The future? Sokol sees it this way, "Much will depend on three factors: investment in IT infrastructure, government funding or supplemented funding for patient health records, and greater bandwidth. You are going to see a total penetration of active asset management tracking for life-saving devices as well as high-margin or high-priced products. I anticipate there will be a full penetration into that marketplace in the next five years because 95% of hospitals already have some kind of WiFi system."

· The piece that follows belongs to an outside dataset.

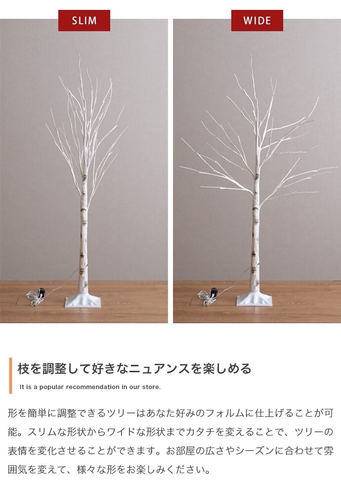 華奢で繊細な枝先に灯るLEDの優しい光とナチュラルな白樺の風合いが魅力的なブランチツリー。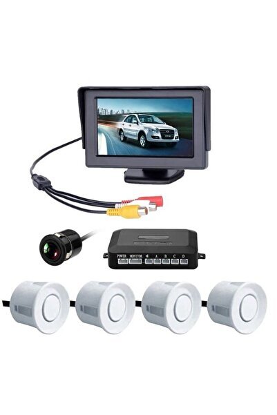 AEM Araç geri park sensörü monitör ve kameralı ses ikazlı beyaz göz

He goes on to say, "The next thing that you are going to see depends on the regulations and mandates, but it probably will be patient tracking with both technologies, active and passive. That is really what is driving the patient safety aspects. After that? I'd say records management tagging record boxes initially, followed by individual papers."
Then come some of the more innovative ideas. "You will start seeing RFID used for instrument and hazardous waste tracking," says Sokol. "It will depend on what happens with inspection regulations and infection control as for the instrument tracking. If the technology comes down to where it is low enough in cost per unit per item that they can show a substantial reduction in infections and adverse events, these two uses have a chance of taking over from pharmaceutical tracking as must-have applications."
Tom Inglesby is an author based in southern California who has covered data collection technology since the early 1980s.